Nanoplastics Enhance Florfenicol Toxicity through Disturbing Detoxification and Metabolic Processes in Nematodes
Abstract
Nanoplastics (NPs) and antibiotics are ubiquitous contaminants that frequently coexist and undergo interactions in various environments. While their combined toxicity is known to depend on NPs physicochemical properties, the mechanistic basis of their toxicological interactions, particularly how surface charge and particle size modulate combined effects, remains unclear. Using Caenorhabditis elegans as a model, we investigated the combined toxicity of florfenicol (FF) with four polystyrene nanoplastics (PS-NPs) differing in size (100 nm (PS-100) and 500 nm (PS-500)) and surface modification (-NH2 (PS-NH2) and -COOH (PS-COOH)), and the mechanisms were explained through integrated analyses of bioaccumulation, detoxification gene expression, and metabolic homeostasis. The results revealed that while the NP coexposures did not significantly alter analyte bioaccumulation in C. elegans, they suppressed detoxification genes, with PS-100 and PS-NH2 causing more severe dysfunction than PS-500 or PS-COOH. Metabolomics perturbations in the combined exposures were 2.12- to 4.86-fold greater than the FF exposure alone, with different NPs exacerbating oxidative stress and toxicity via divergent metabolic pathway disruptions.

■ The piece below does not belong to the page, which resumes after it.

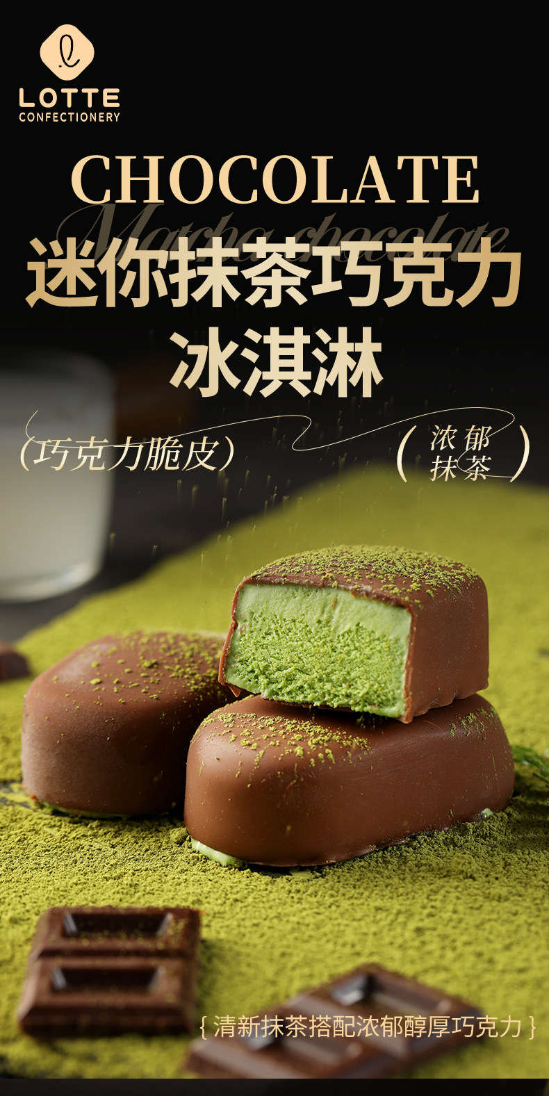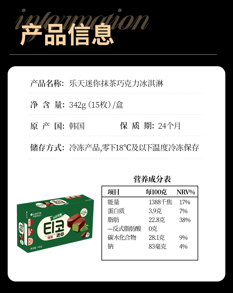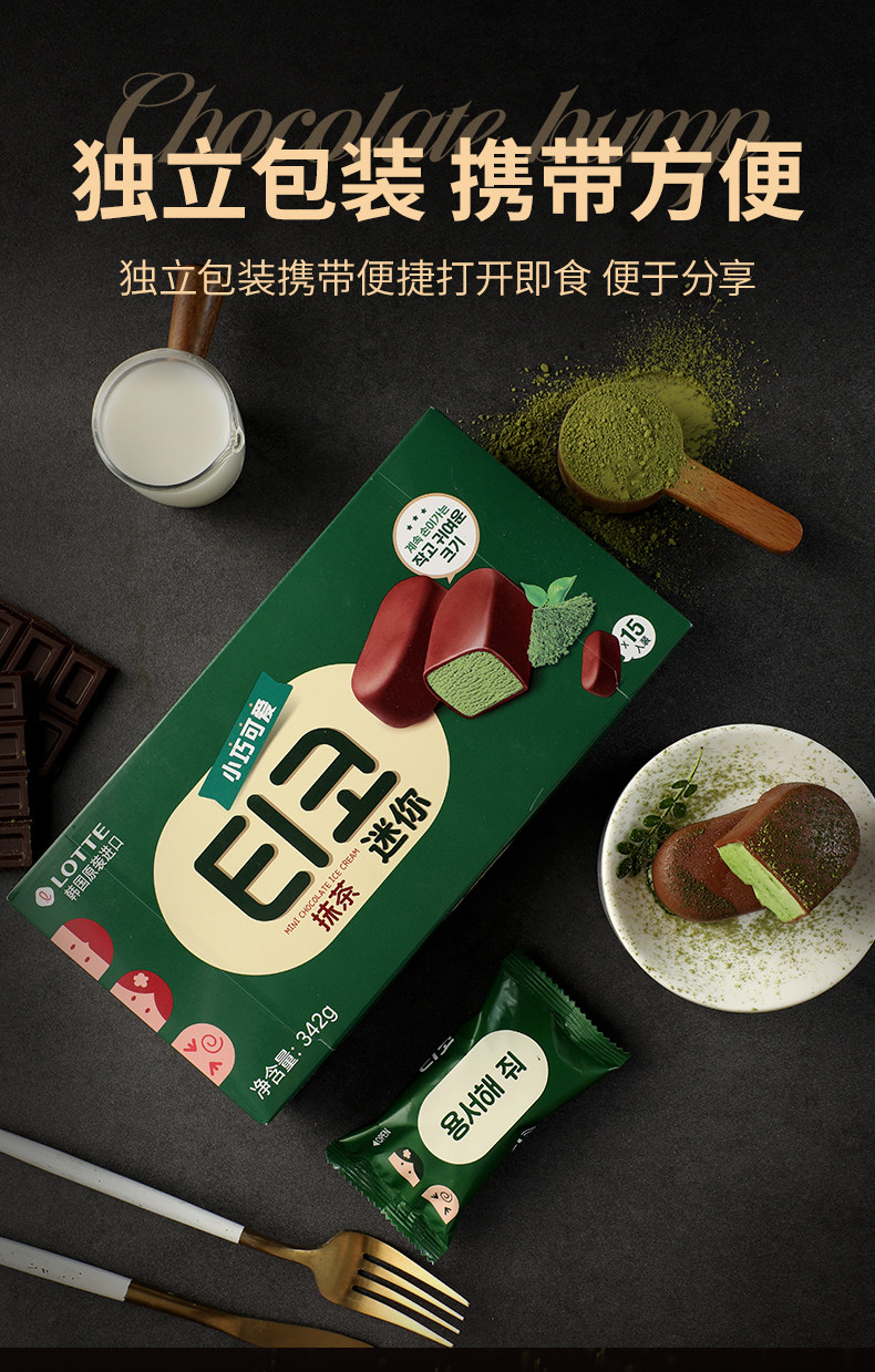 热卖!到手30粒,香醇丝滑!韩国进口 乐天 迷你抹茶/低糖巧克力/迷你牛奶/黑巧巧克力冰淇淋 雪糕 浓郁丝滑 342g/盒

Building upon these transcriptomic and metabolomic mechanisms, the positively-charged PS-NH2 and smaller-sized PS-100 amplified FF toxicity, as quantified through both survival rate and body length reductions, more than their negatively-charged (PS-COOH) and larger-sized (PS-500) counterparts. The findings advance mechanistic understanding of NP-antibiotic interactions, supporting evidence-based environmental risk assessment of co-occurring pollutants.